I came across this problem from a probability practice book. Could someone give me a hint?

Suppose you have N balls and M of them are red(others aren't red). You keep picking one ball out and NOT putting it back until you get one red ball. Find the expectation of a number of balls you need to pick out.

My approach is to use recursion. Let $X_k$ denote the distribution of number of balls I need to pick to get a red ball with k balls in the pool. Then,

$E(X_k)=\frac{M}{k} + \frac{k-M}{k}(1+E(X_{k-1}))$ , with $E(X_M) = 1$

as with M ball left in the pool, it should be immediate to pick a red ball. But then I end up an equation that I couldn't solve.

$E(X_N) = 1+\frac{N-M}{N}(1+\frac{N-1-M}{N-1}(1+...(1+\frac{1}{M+1}(1+1))))$

can anyone give me a hint or guide me please?

Answer 1

Let $\tau$ be the number of balls drawn until the first red ball is drawn. Then for $1\leqslant n\leqslant N-M+1$ we have $$ \mathbb P(\tau = n) = \frac M{N-(n-1)}\prod_{i=1}^{n-1}\frac{N-M-(i-1)}{N-(i-1)} $$ So the expected number of balls drawn is $$ \mathbb E[\tau] = \sum_{n=1}^{M-n+1} n\cdot\mathbb P(\tau = n) = \sum_{n=1}^{N-M+1}\frac M{N-(n-1)}\prod_{i=1}^{n-1}\frac{N-M-(i-1)}{N-(i-1)}. $$ It turns out this expression has the closed form $$ 1 + \frac{N}{M+1}, $$ as explained in this answer: Expected Value Of Number of Removals From Urn

Answer 2

I liked your approach of searching for a recurrence relationship! Its definitely something I would have tried!

Let us think of a slightly different game which you should be able to see is identical to your one.

Let us get $N$ black cards and $M$ red cards. Lets shuffle these well. Notice that your problem is the same as the expected number of cards we must pick of the top until a red card appears.

Let us think of a way to answer that question. Firstly we can add a joker aswell that will be seen as a start position. We can consider the red and joker as "special cards" and the black cards as standard.

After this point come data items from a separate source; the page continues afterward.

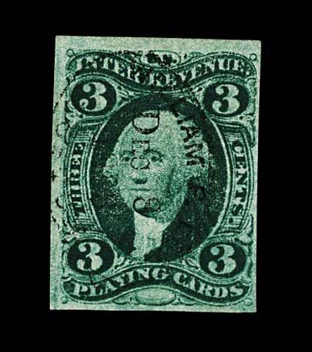 1673 O R17a image#R17a, 3c Playing Cards, imperforate, an incredibly choice used example of this important first issue revenue rarity, being one of the few existing copies that is both sound and with a desirable handstamp cancel, completely free of the flaws that affect most existing examples, with four large to very large margins, especially deep luxuriant color, wonderfully cancelled with a light central strike of an oval handstamp cancel dated December 8, 1863, very fine; one of the most desirable Three Cent imperforate Playing Cards to be offered in years; 1982 and 1992 PF certificates; ex-Lyons. (Image) 9,500.00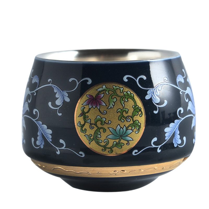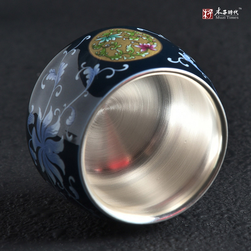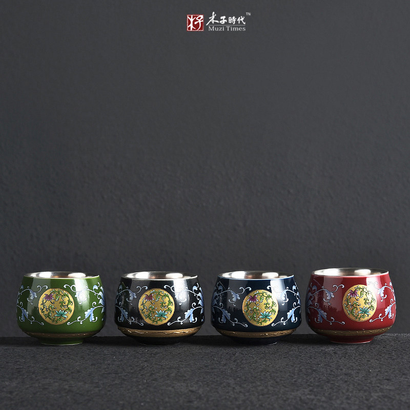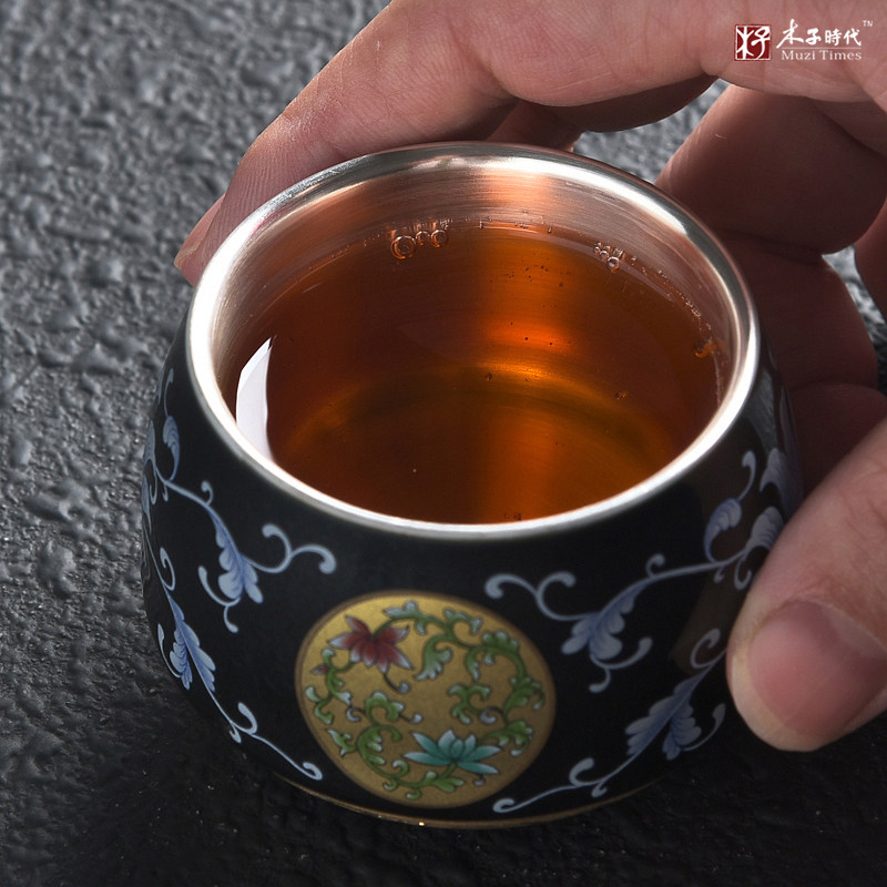 999 sterling silver ceramic teacup cup Gilt silver teacup Master cup Tea cup Tea cup Single cup tea cup Kung Fu tea set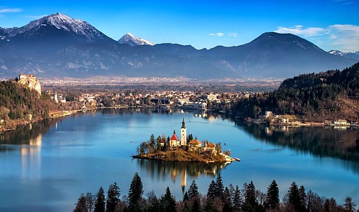 Водоем, расположенный среди горных вершин на северо-западе Словении, имеет главной достопримечательностью единственный островок с часовней Успения. Там помещен окруженный легендами Колокол Желаний. Осмотреть живописные красоты горного озера можно с водной поверхности, передвигаясь на особенных лодках «плетнах».

Now notice in a well shuffled deck we have $M+1$ special cards, the $M$ red and $1$ joker and $N$ standard cards. Hence we have a total of $N+M+1$ cards. Hence the expected difference between consecutive special cards is $\frac{N+M+1}{M+1}$

So lets draw cards like this. We consider the joker as the "top of the deck" so we shuffle the cards then locate the joker and start drawing from there. We already saw that the expected difference between consecutive special cards, i.e the joker and the first red card is $\frac{N+M+1}{M+1}$ so this is our answer.

$\frac{N+M+1}{M+1} = 1 + \frac{N}{M+1}$ if you wanted it in a more concise way

Quick notice that all this joker shinanigans does nothing to change the "randomness" or fairness. It is a perfectly valid way of dealing cards randomly. Try it out.